_Task brief:_
Look through the material below. Return exactly the lines from the one with "Длина лески Patriot" through the one with "YAMASHITA umpan pancing", both included.

_Records for this exercise:_
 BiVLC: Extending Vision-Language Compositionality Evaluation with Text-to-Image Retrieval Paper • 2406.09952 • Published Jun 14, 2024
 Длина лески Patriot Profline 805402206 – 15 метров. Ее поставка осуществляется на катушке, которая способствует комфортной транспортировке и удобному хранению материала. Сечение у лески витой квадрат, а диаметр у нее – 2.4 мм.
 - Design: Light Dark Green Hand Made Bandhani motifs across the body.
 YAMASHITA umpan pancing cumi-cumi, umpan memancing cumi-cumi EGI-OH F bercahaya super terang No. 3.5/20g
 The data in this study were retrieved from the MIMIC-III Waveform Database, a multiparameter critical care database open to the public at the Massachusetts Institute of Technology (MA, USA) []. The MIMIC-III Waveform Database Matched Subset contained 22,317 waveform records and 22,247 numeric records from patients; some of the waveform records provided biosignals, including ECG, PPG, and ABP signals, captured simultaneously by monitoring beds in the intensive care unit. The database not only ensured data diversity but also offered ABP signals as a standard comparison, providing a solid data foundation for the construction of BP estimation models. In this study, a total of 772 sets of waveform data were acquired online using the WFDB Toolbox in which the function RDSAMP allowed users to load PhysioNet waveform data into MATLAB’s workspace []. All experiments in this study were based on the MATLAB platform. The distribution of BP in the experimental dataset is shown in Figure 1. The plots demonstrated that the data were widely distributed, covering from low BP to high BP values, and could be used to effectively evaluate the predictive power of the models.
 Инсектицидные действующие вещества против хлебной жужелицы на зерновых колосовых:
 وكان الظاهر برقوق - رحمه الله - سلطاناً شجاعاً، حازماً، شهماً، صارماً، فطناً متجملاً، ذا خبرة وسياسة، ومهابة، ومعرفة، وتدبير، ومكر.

--

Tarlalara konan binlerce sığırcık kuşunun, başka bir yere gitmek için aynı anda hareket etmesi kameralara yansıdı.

_Answer to this task:_
 Длина лески Patriot Profline 805402206 – 15 метров. Ее поставка осуществляется на катушке, которая способствует комфортной транспортировке и удобному хранению материала. Сечение у лески витой квадрат, а диаметр у нее – 2.4 мм.
 - Design: Light Dark Green Hand Made Bandhani motifs across the body.
 YAMASHITA umpan pancing cumi-cumi, umpan memancing cumi-cumi EGI-OH F bercahaya super terang No. 3.5/20g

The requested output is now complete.